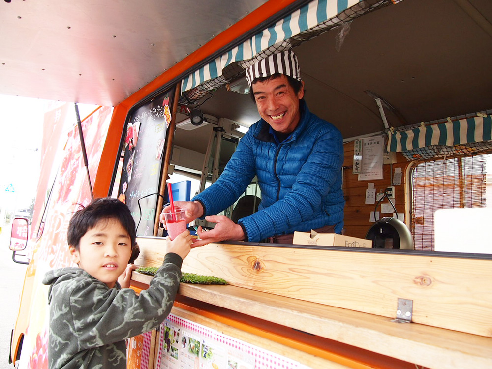 キッチンカーは、地元の8軒の観光農園の宣伝にも一役買っています。
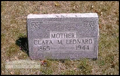- Photo image of the headstone of Clara M.Leonard in Brooks Cemetery located in Brown County.
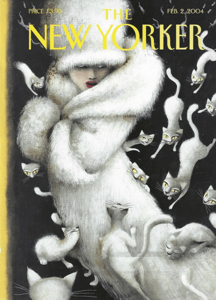 Le gustó y consiguió contactar con la ilustradora a través de Ceesepe, que ya había hecho una portada con ella. Por cierto, la editora actual de The New Yorker es Françoise Mouly. Y la tercera portada felina es muy reciente; se publicó en abril de 2024. En ella se ve a un gato entrenándose para cazar ratones en una pantalla digital.
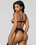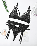Set capricho. atractivo set liguero de tres piezas color negro.
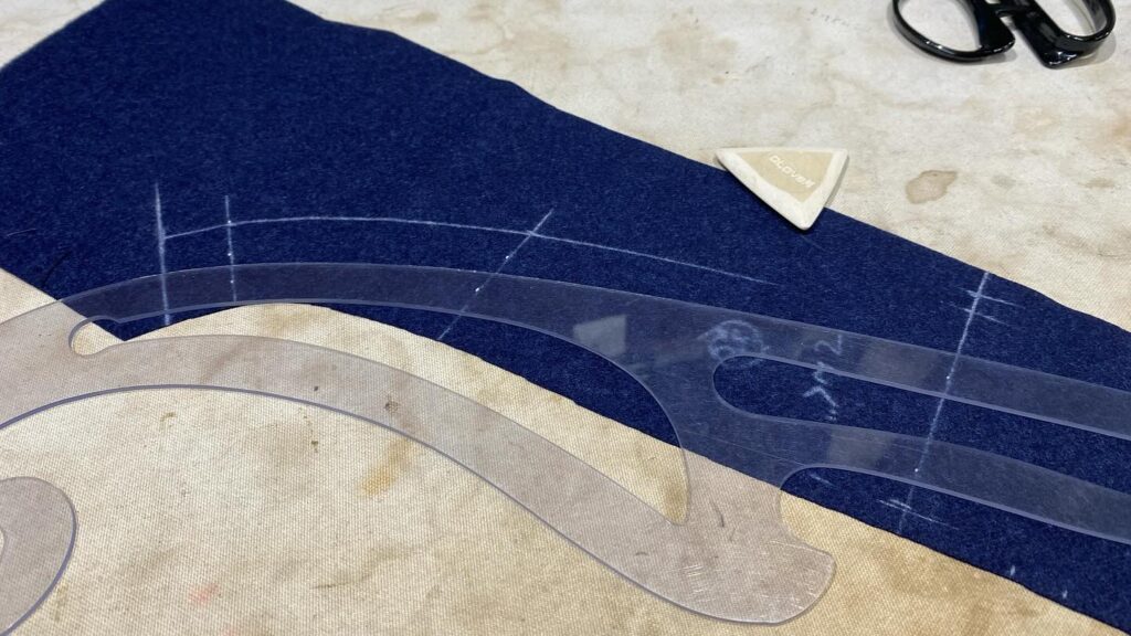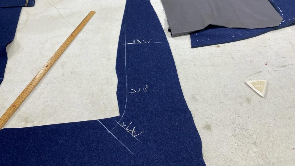 パンツの前身をくせ取りしたるので、製図よりも前身頃を製図の代わりに使って断つのがベターですね![]()
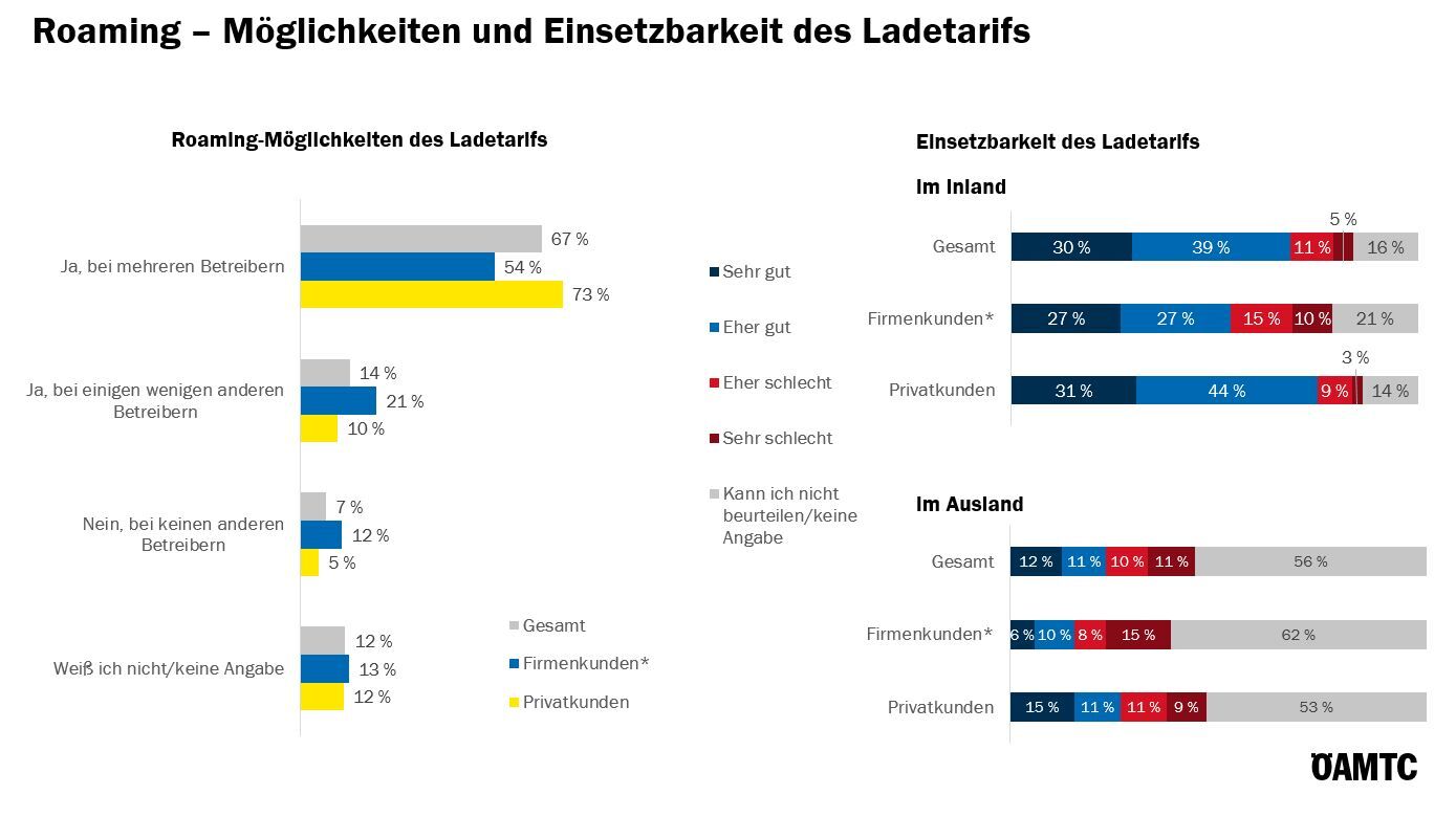 Zwei Drittel haben die Möglichkeit für Roaming bei mehreren Betreibern, Privatkunden öfter. Die Einsetzbarkeit der Ladekarte für Roaming wird im Inland als gut empfunden, im Ausland etwas schlechter, hier kann mehr als die Hälfte aber keine Beurteilung abgeben.
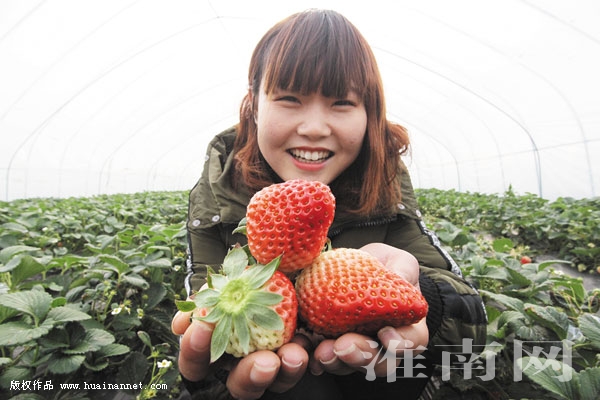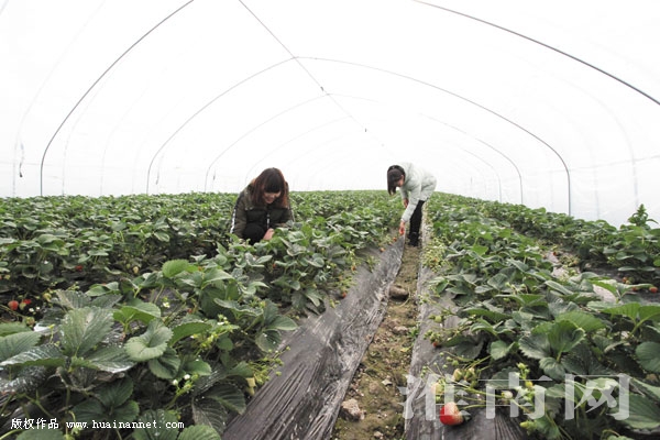 1月1日,大通区孔店乡河沿村村民闫其贵家5亩草莓喜获丰收,侄女在大棚里帮助采摘草莓,喜笑颜开。近年来,大通区大力发展现代农业,引导农民种植草莓、蔬菜、瓜果等经济作物,促进农民增收。眼下,孔店乡8000余亩冬季头茬草莓陆续上市,畅销淮南、合肥等市场,市场批发价每公斤约5元,采摘每公斤约7.5元,预计每亩草莓纯收益1.2万元以上,可为全乡农民带来约1亿元的收益。
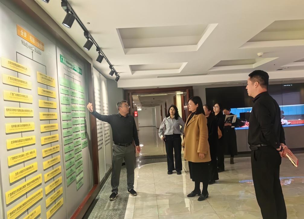 此次调研受到了广西独秀书房图书有限公司相关负责人的热情接待。我校图书馆一行先后参观了广西师范大学出版社社史馆、广西独秀书房阅览空间、文创展示区等功能区域,详细了解广西独秀书房在阅读推广、文化活动策划等方面的丰富实践经验,沉浸式感受“大学人文实验室”的独特魅力。交流座谈会上,双方围绕图书馆服务升级、阅读活动品牌建设等议题展开深入探讨。独秀书房相关负责人分享了多业态融合发展及在文化活动等方面的典型做法。我校图书馆负责人介绍了桂林医科大学图书馆在资源建设、学科服务等方面的工作情况。双方共同探讨了高校文化空间高质量发展的新思路、新路径。
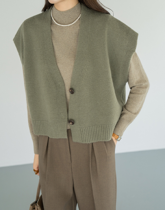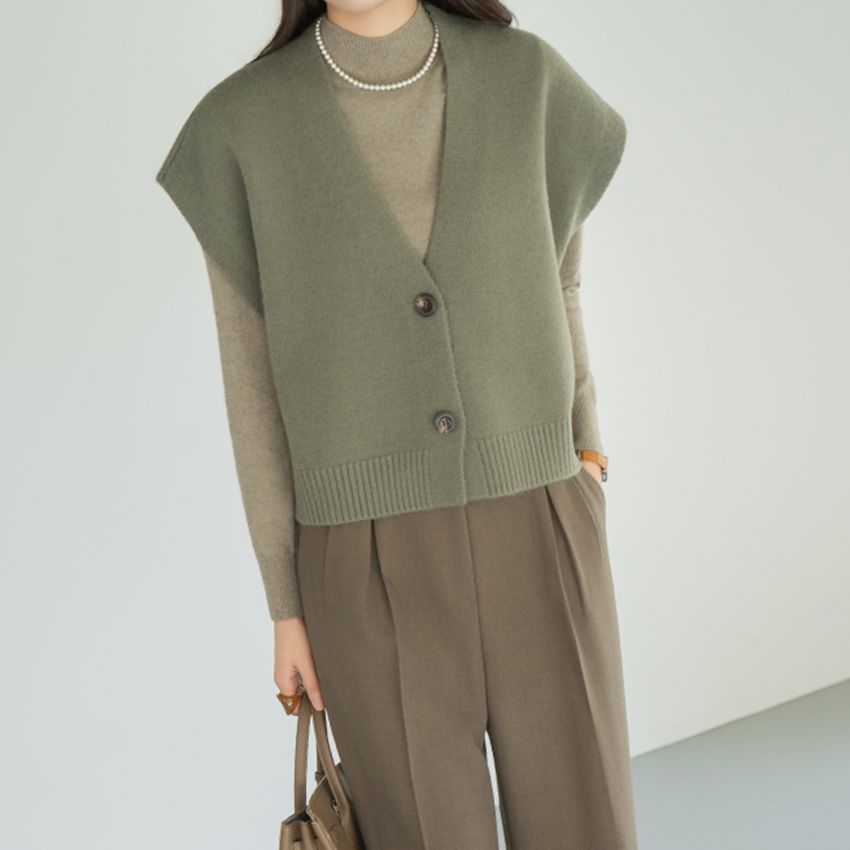 [Modern Basic] Two-Button Overfit Knit Vest - VE2510026 -
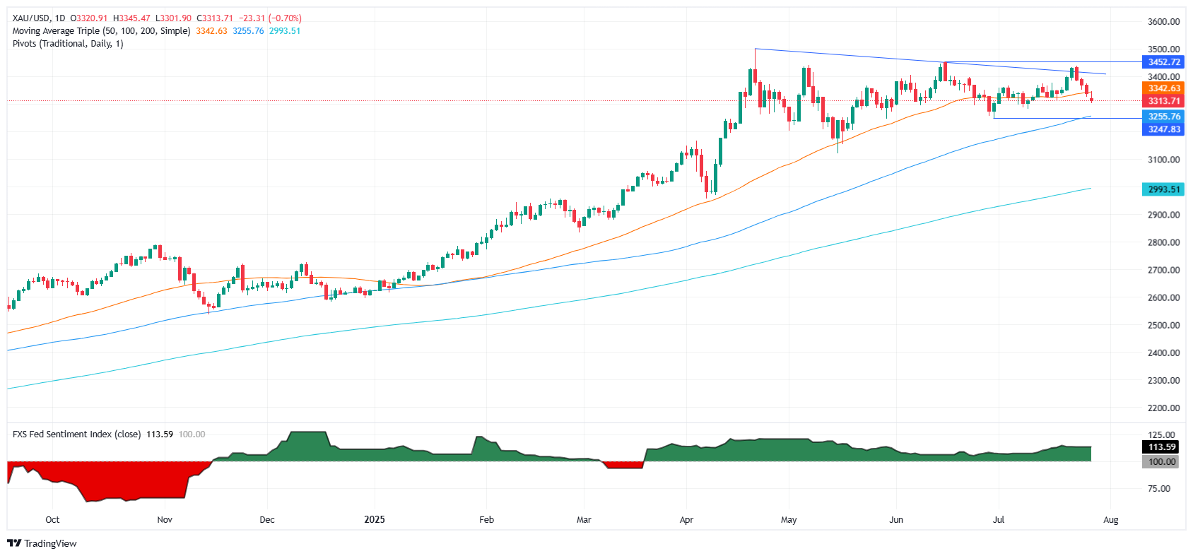 金价连续第四个交易日延续跌势,下跌超过0.60%,因为欧盟(EU)和美国(US)在周末达成了一项贸易协议,将对欧盟商品的关税从提议的30%降低至15%

REQUIRED WORK = Every entry above needs to be copied exactly, apart from its pictures.

WRITTEN ANSWER =
 キッチンカーは、地元の8軒の観光農園の宣伝にも一役買っています。
- Photo image of the headstone of Clara M.Leonard in Brooks Cemetery located in Brown County.
 Le gustó y consiguió contactar con la ilustradora a través de Ceesepe, que ya había hecho una portada con ella. Por cierto, la editora actual de The New Yorker es Françoise Mouly. Y la tercera portada felina es muy reciente; se publicó en abril de 2024. En ella se ve a un gato entrenándose para cazar ratones en una pantalla digital.
Set capricho. atractivo set liguero de tres piezas color negro.
 パンツの前身をくせ取りしたるので、製図よりも前身頃を製図の代わりに使って断つのがベターですね![]()
 Zwei Drittel haben die Möglichkeit für Roaming bei mehreren Betreibern, Privatkunden öfter. Die Einsetzbarkeit der Ladekarte für Roaming wird im Inland als gut empfunden, im Ausland etwas schlechter, hier kann mehr als die Hälfte aber keine Beurteilung abgeben.
 1月1日,大通区孔店乡河沿村村民闫其贵家5亩草莓喜获丰收,侄女在大棚里帮助采摘草莓,喜笑颜开。近年来,大通区大力发展现代农业,引导农民种植草莓、蔬菜、瓜果等经济作物,促进农民增收。眼下,孔店乡8000余亩冬季头茬草莓陆续上市,畅销淮南、合肥等市场,市场批发价每公斤约5元,采摘每公斤约7.5元,预计每亩草莓纯收益1.2万元以上,可为全乡农民带来约1亿元的收益。
 此次调研受到了广西独秀书房图书有限公司相关负责人的热情接待。我校图书馆一行先后参观了广西师范大学出版社社史馆、广西独秀书房阅览空间、文创展示区等功能区域,详细了解广西独秀书房在阅读推广、文化活动策划等方面的丰富实践经验,沉浸式感受“大学人文实验室”的独特魅力。交流座谈会上,双方围绕图书馆服务升级、阅读活动品牌建设等议题展开深入探讨。独秀书房相关负责人分享了多业态融合发展及在文化活动等方面的典型做法。我校图书馆负责人介绍了桂林医科大学图书馆在资源建设、学科服务等方面的工作情况。双方共同探讨了高校文化空间高质量发展的新思路、新路径。
 [Modern Basic] Two-Button Overfit Knit Vest - VE2510026 -
 金价连续第四个交易日延续跌势,下跌超过0.60%,因为欧盟(EU)和美国(US)在周末达成了一项贸易协议,将对欧盟商品的关税从提议的30%降低至15%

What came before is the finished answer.